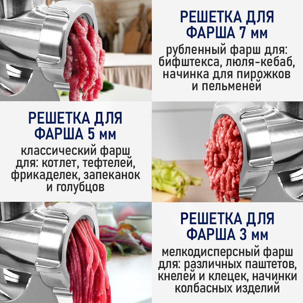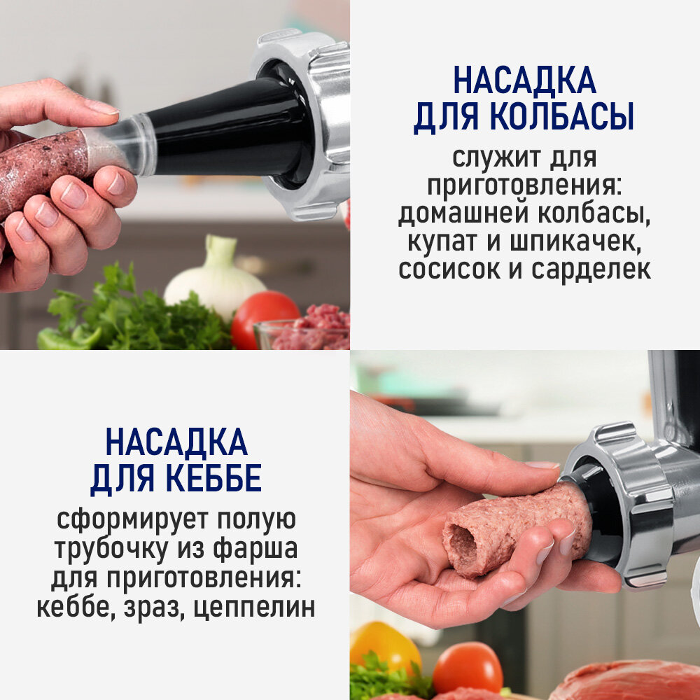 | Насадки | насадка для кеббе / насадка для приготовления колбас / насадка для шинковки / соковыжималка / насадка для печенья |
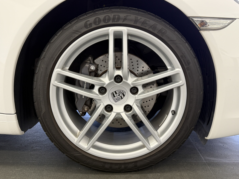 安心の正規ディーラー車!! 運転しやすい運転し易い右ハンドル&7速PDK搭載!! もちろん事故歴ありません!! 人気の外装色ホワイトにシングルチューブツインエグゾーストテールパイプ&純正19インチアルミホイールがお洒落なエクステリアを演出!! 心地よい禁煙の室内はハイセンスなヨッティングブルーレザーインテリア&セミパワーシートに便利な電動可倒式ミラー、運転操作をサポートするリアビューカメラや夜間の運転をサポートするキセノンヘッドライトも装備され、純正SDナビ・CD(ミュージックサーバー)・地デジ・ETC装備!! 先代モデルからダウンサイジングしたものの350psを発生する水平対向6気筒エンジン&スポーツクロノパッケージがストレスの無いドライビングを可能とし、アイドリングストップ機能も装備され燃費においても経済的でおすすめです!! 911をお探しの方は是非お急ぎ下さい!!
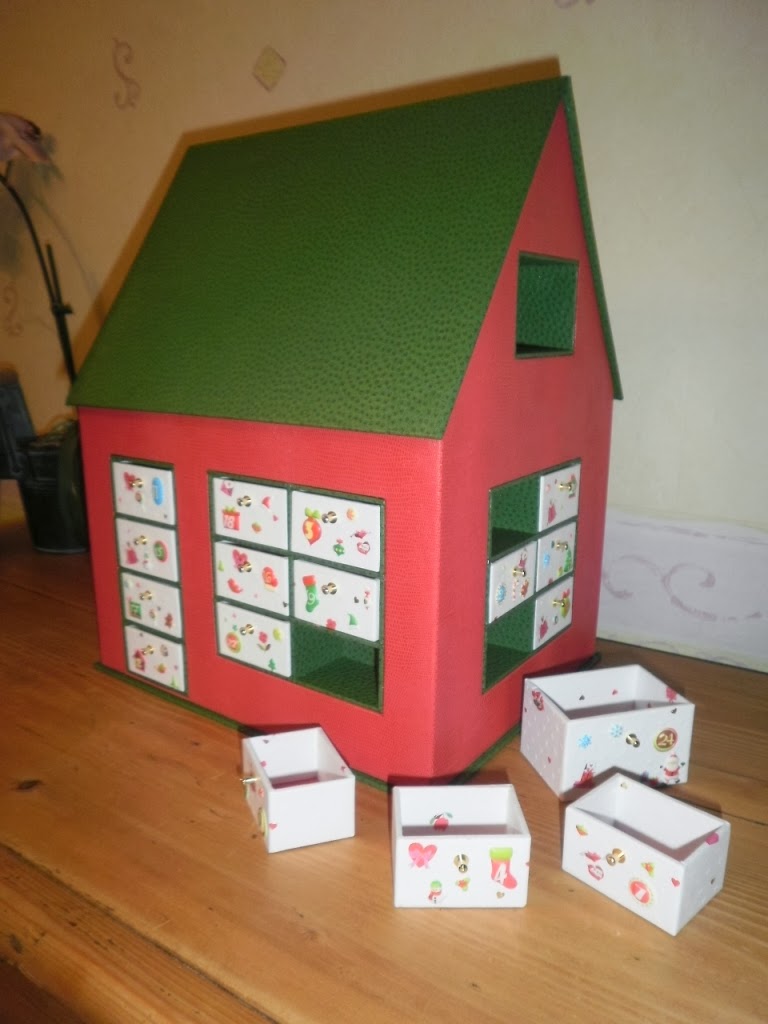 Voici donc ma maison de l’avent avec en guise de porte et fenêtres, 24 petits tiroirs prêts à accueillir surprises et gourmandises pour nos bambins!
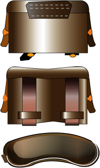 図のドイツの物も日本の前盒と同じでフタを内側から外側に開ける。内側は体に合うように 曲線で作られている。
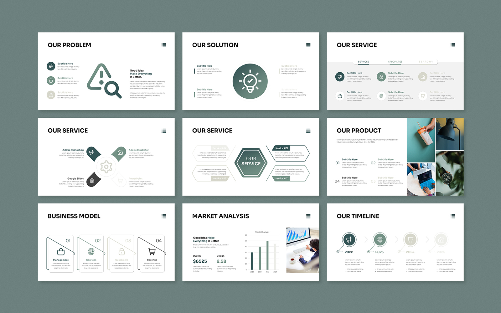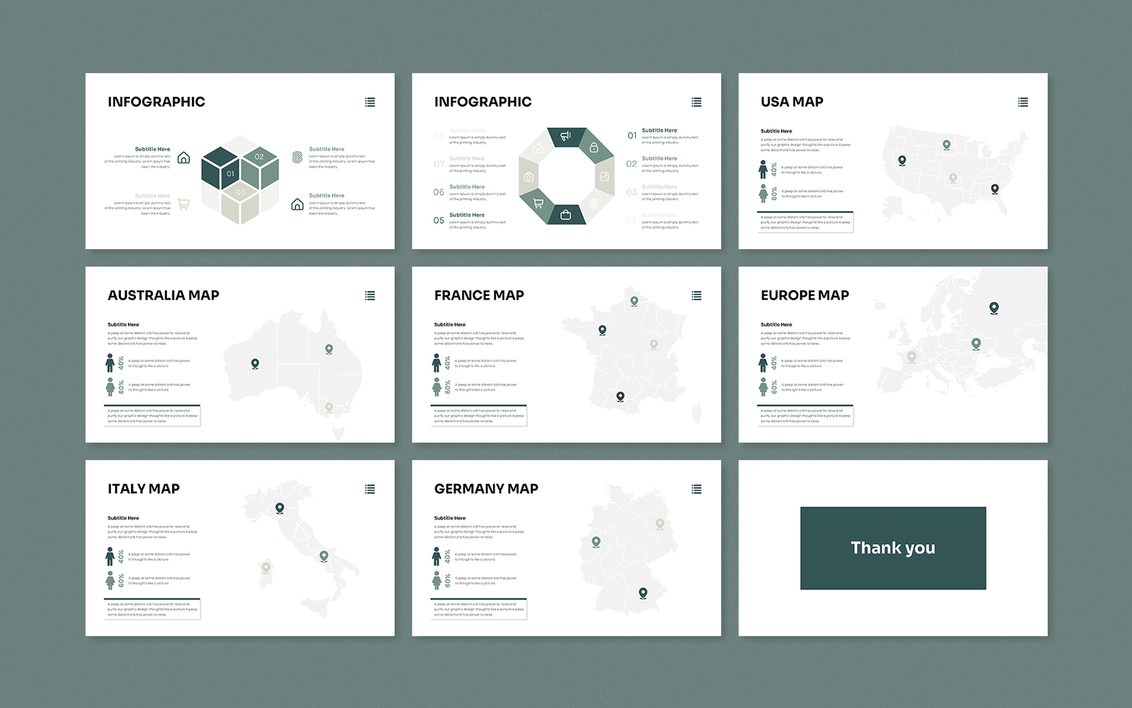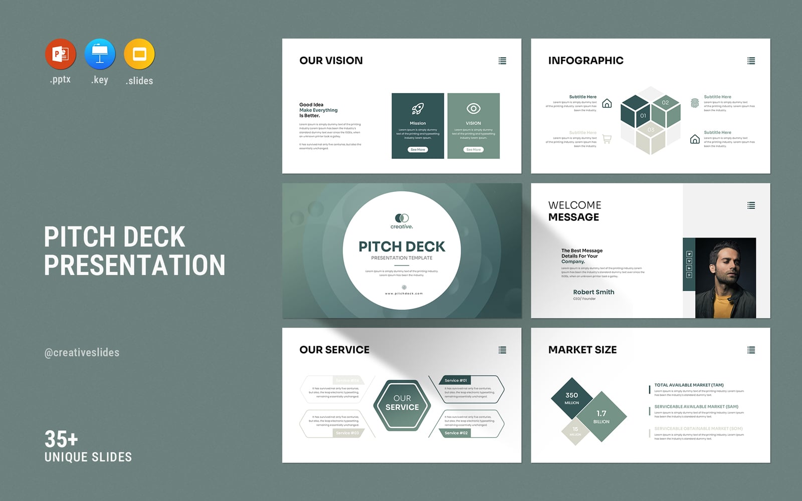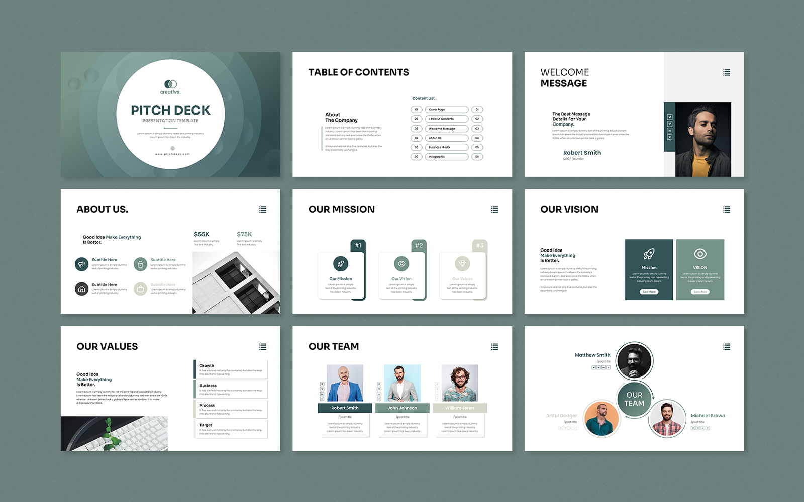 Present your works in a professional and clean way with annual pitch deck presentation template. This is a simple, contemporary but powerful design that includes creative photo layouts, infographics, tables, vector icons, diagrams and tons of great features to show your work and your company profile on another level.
·····
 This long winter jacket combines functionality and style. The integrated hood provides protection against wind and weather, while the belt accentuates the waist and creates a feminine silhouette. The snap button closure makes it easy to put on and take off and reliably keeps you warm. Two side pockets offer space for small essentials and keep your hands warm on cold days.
·····
* **ACTION ITEM**
If a picture sits between the line containing "安心の正規ディーラー車!! 運転しやすい運転し易い右ハンドル&7速PDK搭載!! もちろん事故歴ありません!!" and the line containing "図のドイツの物も日本の前盒と", leave it out, and return the lines of that range above exactly, both ends included.

* **ANSWER BOX**
 安心の正規ディーラー車!! 運転しやすい運転し易い右ハンドル&7速PDK搭載!! もちろん事故歴ありません!! 人気の外装色ホワイトにシングルチューブツインエグゾーストテールパイプ&純正19インチアルミホイールがお洒落なエクステリアを演出!! 心地よい禁煙の室内はハイセンスなヨッティングブルーレザーインテリア&セミパワーシートに便利な電動可倒式ミラー、運転操作をサポートするリアビューカメラや夜間の運転をサポートするキセノンヘッドライトも装備され、純正SDナビ・CD(ミュージックサーバー)・地デジ・ETC装備!! 先代モデルからダウンサイジングしたものの350psを発生する水平対向6気筒エンジン&スポーツクロノパッケージがストレスの無いドライビングを可能とし、アイドリングストップ機能も装備され燃費においても経済的でおすすめです!! 911をお探しの方は是非お急ぎ下さい!!
 Voici donc ma maison de l’avent avec en guise de porte et fenêtres, 24 petits tiroirs prêts à accueillir surprises et gourmandises pour nos bambins!
 図のドイツの物も日本の前盒と同じでフタを内側から外側に開ける。内側は体に合うように 曲線で作られている。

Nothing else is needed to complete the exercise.